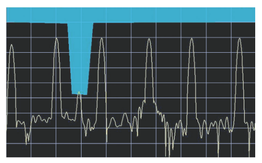 For triggering on specific frequencies at specific amplitudes, Tektronix invented the Frequency Mask Trigger (FMT). The user can draw a mask on the spectrum display. This mask could define a “Trigger if a signal enters here” mask. An example of a mask is in Figure 26. This one is drawn so that in between two of the legitimate signals there is a trigger area drawn. The magnitude of the FFT of a signal is compared again the mask as fast as necessary to satisfy Nyquist criteria. Now if a small signal intrudes on the mask, a trigger is generated which will capture the signal into memory
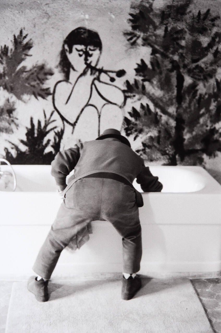 DescriptionImage of man leaning over bath tub.Copyright© Harry Ransom Center, The University of Texas at Austin
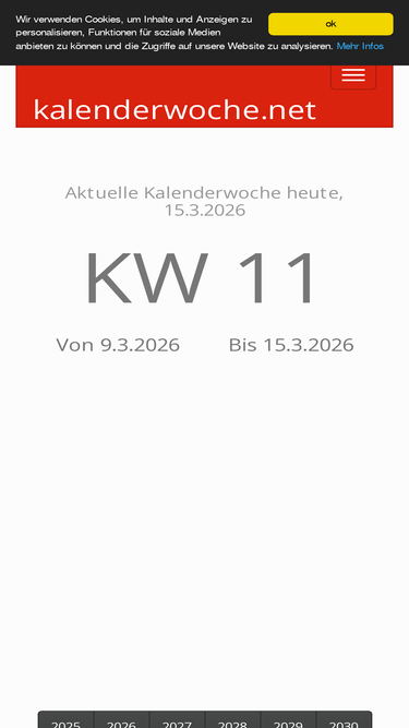 kalenderwoche.net zeigt die aktuelle kalenderwoche für das aktuelle datum an.
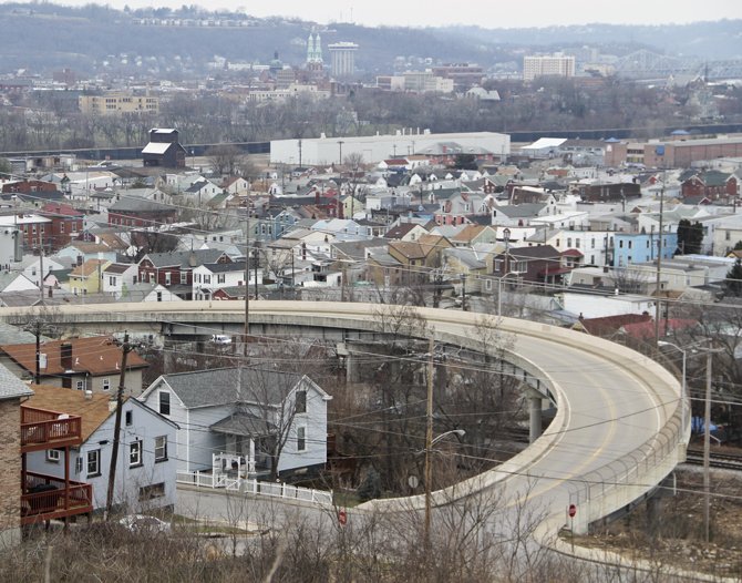 Ryan Texas Ranger came along for this one. The day had gone from bright sun to overcast and cold within the matter of minutes that it took for me to get from my apartment to downtown. Using the old magazine we had, we lined up where the cover shot had come from. Although I never really recognized it, Newport has some incredible hills just as Cincinnati does.
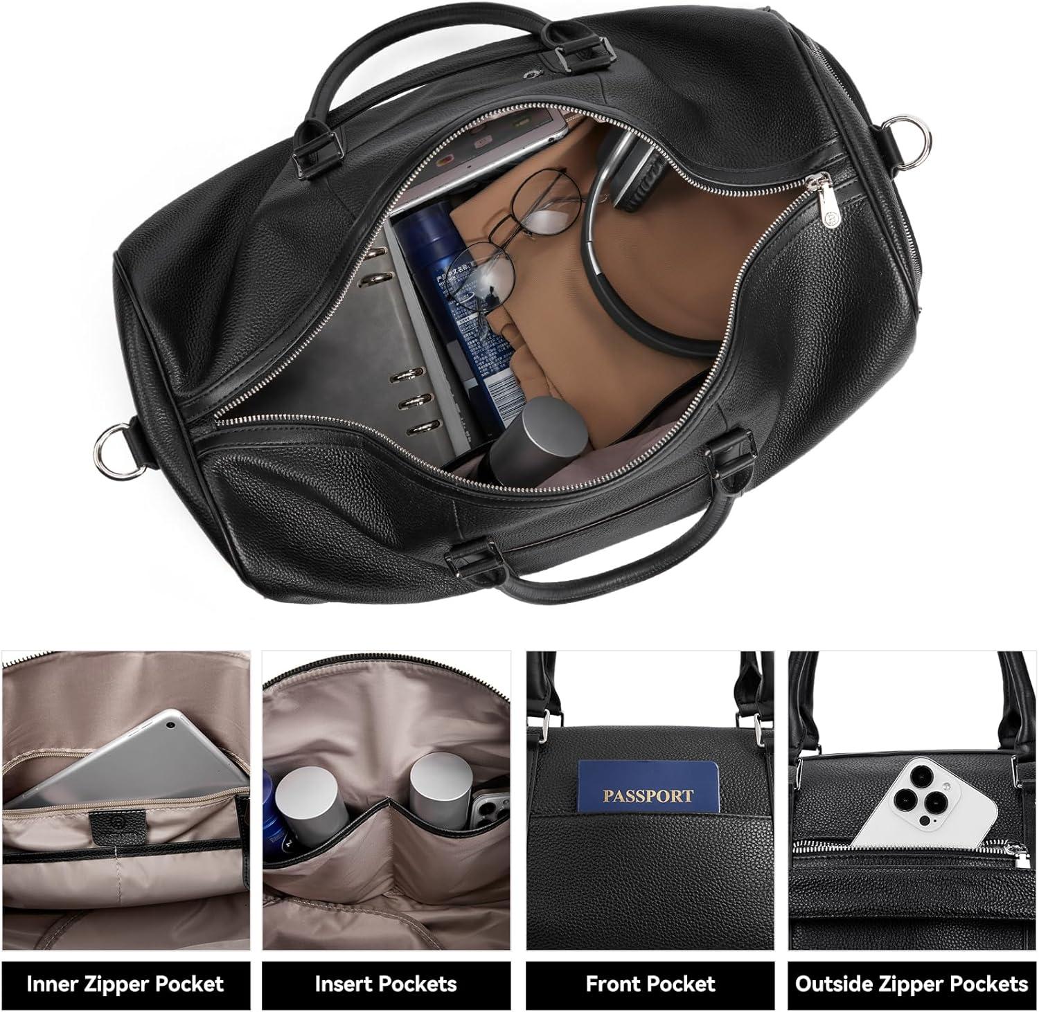 STRUCTURE: The oversized duffel bag contains 1 big inner compartment, 1 inner zipper pocket, 2 insert pockets. There is a handy shoe compartment with zipper closure. This weekend bag easily hold your 15 inch Laptop, iPad, iPhone, clothes , shoes and other Things. The weekend bag is ideal for plane or train travel. The removable shoulder strap is adjustable and padded for comfort.
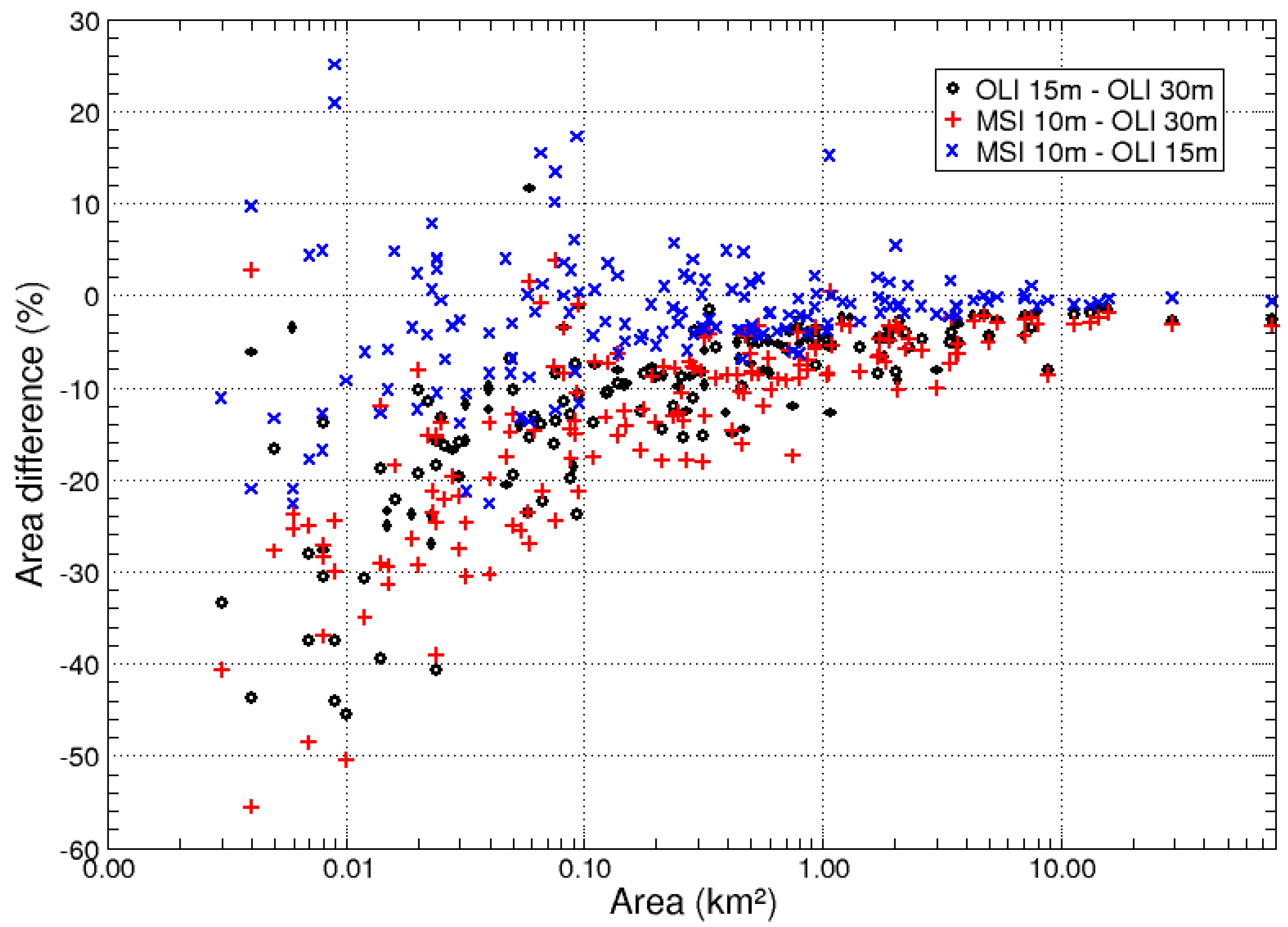 Relative area differences vs. glacier area for 155 selected glaciers and the three ratios shown in Figure 8: OLI 15 m = OLI8/OLI6, OLI 30 m = OLI4/OLI6, and MSI 10 m = MSI4/MSI11.
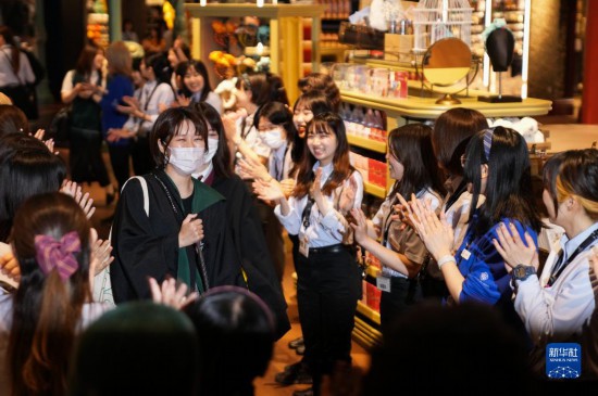 6月16日,在日本東京,哈利波特主題公園的工作人員歡迎游客。新華社記者 張笑宇 攝

────────────────────

* _TASK PROMPT_
Pictures are to be omitted. The lines from the line holding "Relative area differences" through the closing line of the data above are to be set down exactly, and nothing more.

* _EXERCISE SOLUTION_
 Relative area differences vs. glacier area for 155 selected glaciers and the three ratios shown in Figure 8: OLI 15 m = OLI8/OLI6, OLI 30 m = OLI4/OLI6, and MSI 10 m = MSI4/MSI11.
 6月16日,在日本東京,哈利波特主題公園的工作人員歡迎游客。新華社記者 張笑宇 攝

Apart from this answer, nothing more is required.